- Task item: Would you return exactly the lines below from the line with "Bermuda Shorts |" through the line with "Session3では、Yal", both included, and nothing else, leaving out the pictures?
─── Material for this task
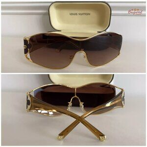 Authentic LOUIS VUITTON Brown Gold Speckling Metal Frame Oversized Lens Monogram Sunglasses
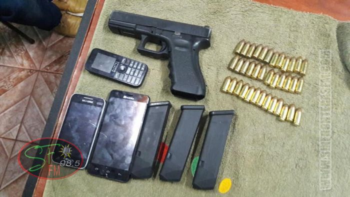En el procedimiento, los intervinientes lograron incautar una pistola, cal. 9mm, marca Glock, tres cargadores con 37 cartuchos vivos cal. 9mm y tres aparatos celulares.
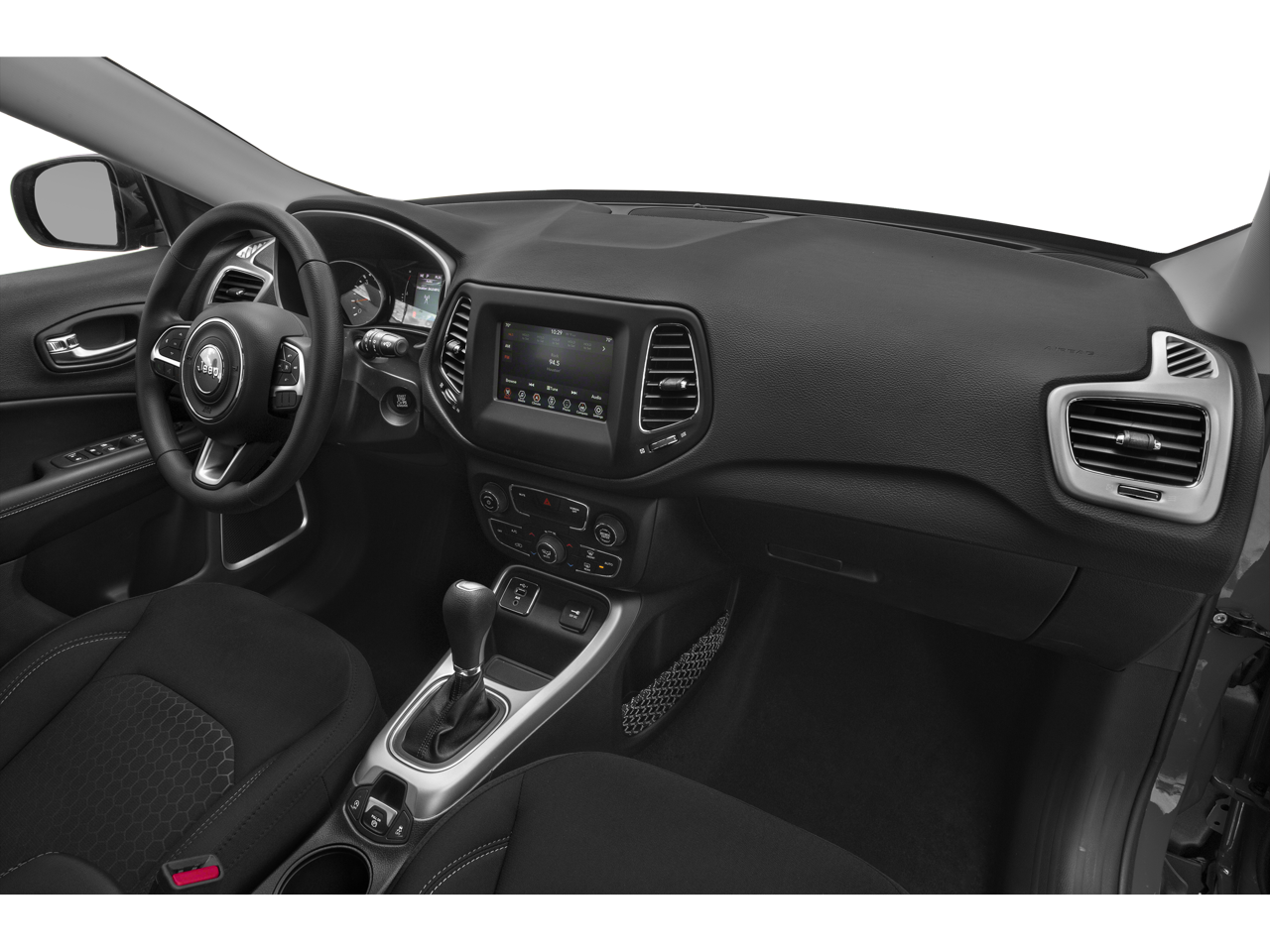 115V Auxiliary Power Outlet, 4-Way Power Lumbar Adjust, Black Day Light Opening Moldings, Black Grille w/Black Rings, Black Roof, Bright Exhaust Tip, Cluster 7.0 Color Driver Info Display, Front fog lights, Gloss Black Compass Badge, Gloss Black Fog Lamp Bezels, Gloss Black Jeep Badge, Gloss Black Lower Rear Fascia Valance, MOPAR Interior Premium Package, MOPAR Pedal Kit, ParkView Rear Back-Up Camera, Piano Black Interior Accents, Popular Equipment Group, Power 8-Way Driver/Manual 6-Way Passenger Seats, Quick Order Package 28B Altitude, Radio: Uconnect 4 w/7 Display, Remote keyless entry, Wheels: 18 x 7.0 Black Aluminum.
──────
─── Material for this task
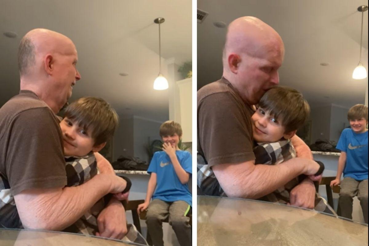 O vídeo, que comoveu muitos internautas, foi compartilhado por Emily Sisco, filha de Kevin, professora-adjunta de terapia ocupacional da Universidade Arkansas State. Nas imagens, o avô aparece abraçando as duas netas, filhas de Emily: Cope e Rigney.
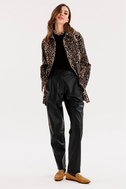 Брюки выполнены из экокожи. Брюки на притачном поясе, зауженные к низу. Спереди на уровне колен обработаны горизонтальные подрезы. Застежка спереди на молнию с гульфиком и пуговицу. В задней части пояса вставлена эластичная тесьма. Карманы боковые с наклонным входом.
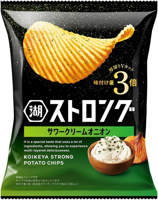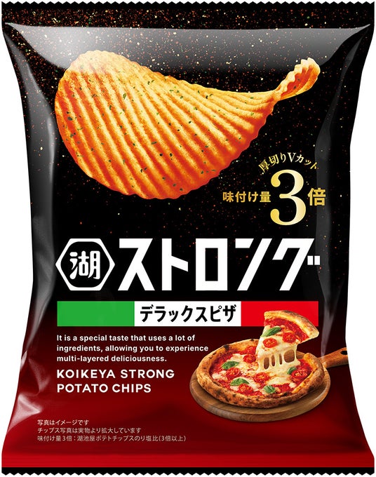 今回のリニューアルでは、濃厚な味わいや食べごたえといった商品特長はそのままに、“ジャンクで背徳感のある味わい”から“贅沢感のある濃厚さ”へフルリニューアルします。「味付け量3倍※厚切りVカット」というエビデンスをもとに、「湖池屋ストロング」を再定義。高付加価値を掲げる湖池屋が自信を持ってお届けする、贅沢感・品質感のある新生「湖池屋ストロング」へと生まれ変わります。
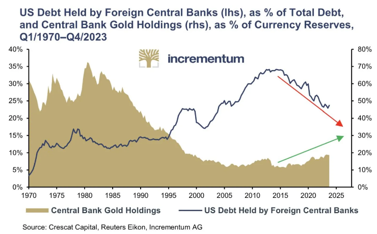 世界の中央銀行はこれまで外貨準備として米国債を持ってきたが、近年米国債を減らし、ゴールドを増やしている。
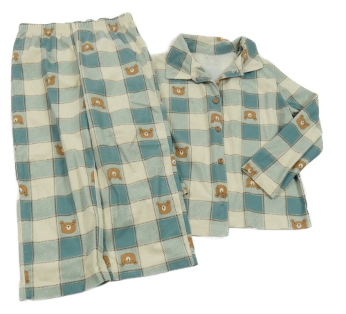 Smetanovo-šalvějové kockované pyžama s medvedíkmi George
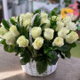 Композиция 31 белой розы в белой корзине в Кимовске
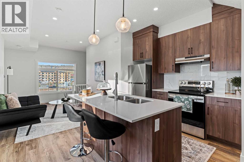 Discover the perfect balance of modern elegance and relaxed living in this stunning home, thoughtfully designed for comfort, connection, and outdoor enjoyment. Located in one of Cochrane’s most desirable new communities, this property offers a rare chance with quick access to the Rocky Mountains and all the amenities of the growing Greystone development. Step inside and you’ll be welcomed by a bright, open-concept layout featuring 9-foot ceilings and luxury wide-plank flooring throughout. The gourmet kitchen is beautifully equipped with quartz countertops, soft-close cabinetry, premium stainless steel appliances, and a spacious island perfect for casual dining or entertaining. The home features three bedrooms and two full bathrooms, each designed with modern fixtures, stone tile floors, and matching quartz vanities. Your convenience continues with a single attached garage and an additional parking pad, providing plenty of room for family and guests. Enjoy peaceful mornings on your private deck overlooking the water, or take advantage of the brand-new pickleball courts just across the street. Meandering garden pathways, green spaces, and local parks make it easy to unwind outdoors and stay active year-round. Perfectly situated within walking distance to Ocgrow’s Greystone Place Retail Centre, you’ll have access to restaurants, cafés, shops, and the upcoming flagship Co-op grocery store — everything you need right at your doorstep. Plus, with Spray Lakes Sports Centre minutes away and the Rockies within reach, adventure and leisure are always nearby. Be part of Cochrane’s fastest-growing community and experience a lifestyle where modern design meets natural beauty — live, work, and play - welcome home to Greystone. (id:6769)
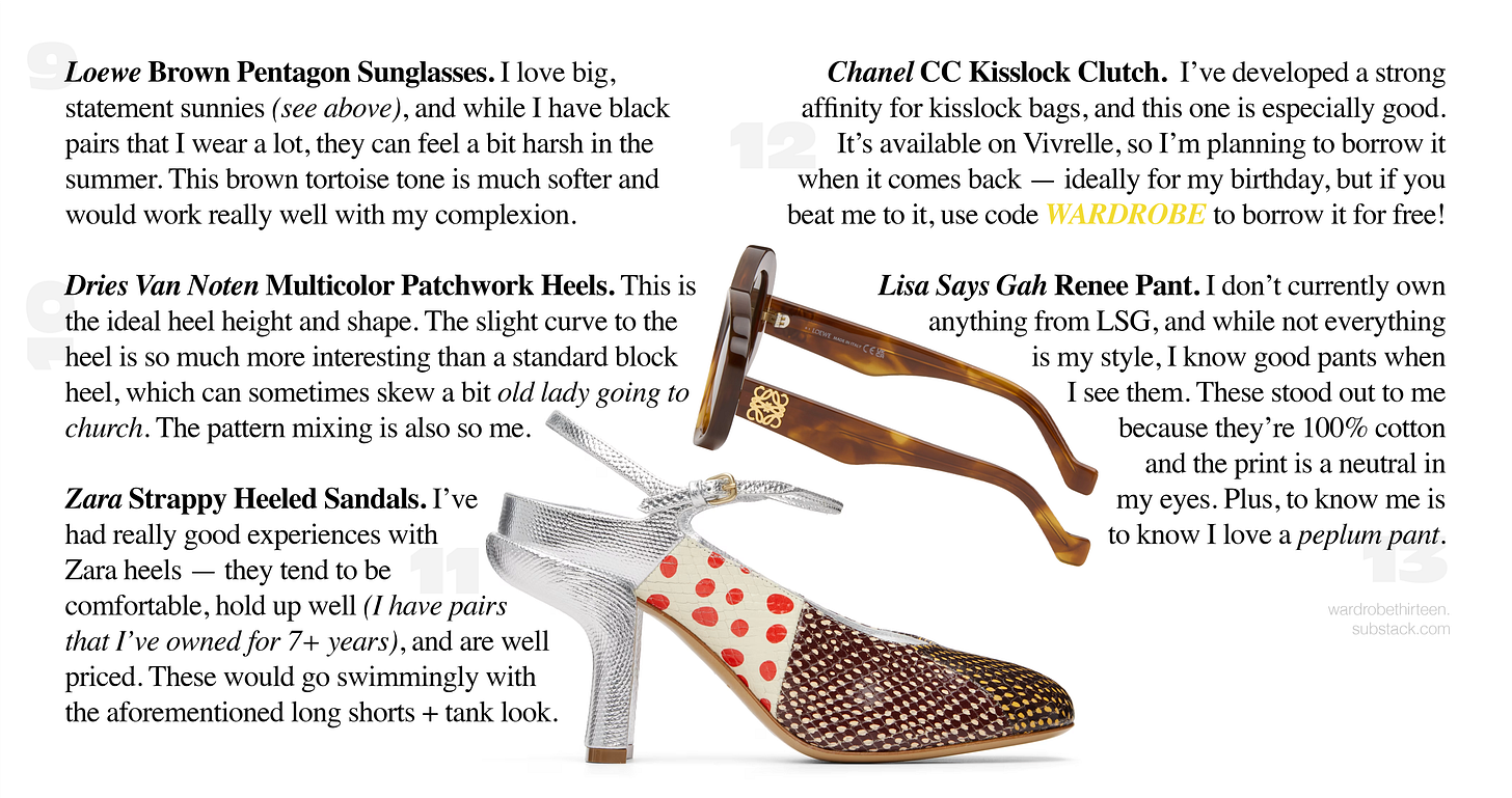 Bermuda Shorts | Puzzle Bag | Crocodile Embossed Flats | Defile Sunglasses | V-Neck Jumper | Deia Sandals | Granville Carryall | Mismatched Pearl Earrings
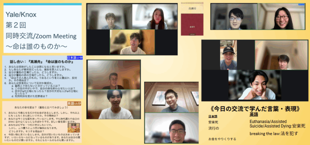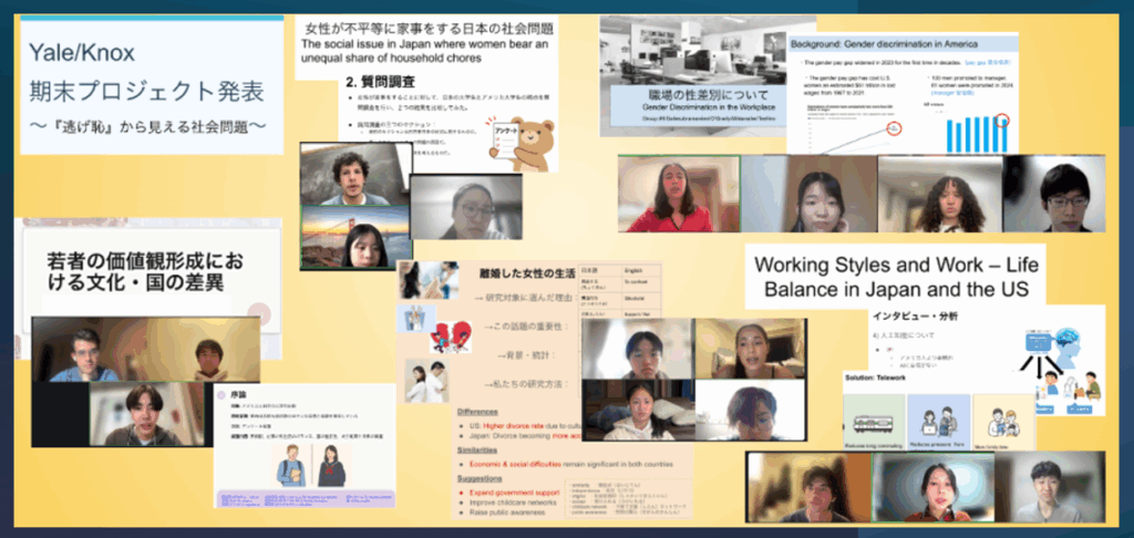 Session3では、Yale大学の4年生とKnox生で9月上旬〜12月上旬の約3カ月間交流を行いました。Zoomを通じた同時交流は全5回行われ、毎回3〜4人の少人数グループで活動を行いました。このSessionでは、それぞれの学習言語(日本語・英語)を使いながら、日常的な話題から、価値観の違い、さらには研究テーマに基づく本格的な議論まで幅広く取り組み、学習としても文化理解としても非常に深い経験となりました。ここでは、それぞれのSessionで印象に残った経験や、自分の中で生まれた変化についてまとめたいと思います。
──────
- Result:
 Bermuda Shorts | Puzzle Bag | Crocodile Embossed Flats | Defile Sunglasses | V-Neck Jumper | Deia Sandals | Granville Carryall | Mismatched Pearl Earrings
 Session3では、Yale大学の4年生とKnox生で9月上旬〜12月上旬の約3カ月間交流を行いました。Zoomを通じた同時交流は全5回行われ、毎回3〜4人の少人数グループで活動を行いました。このSessionでは、それぞれの学習言語(日本語・英語)を使いながら、日常的な話題から、価値観の違い、さらには研究テーマに基づく本格的な議論まで幅広く取り組み、学習としても文化理解としても非常に深い経験となりました。ここでは、それぞれのSessionで印象に残った経験や、自分の中で生まれた変化についてまとめたいと思います。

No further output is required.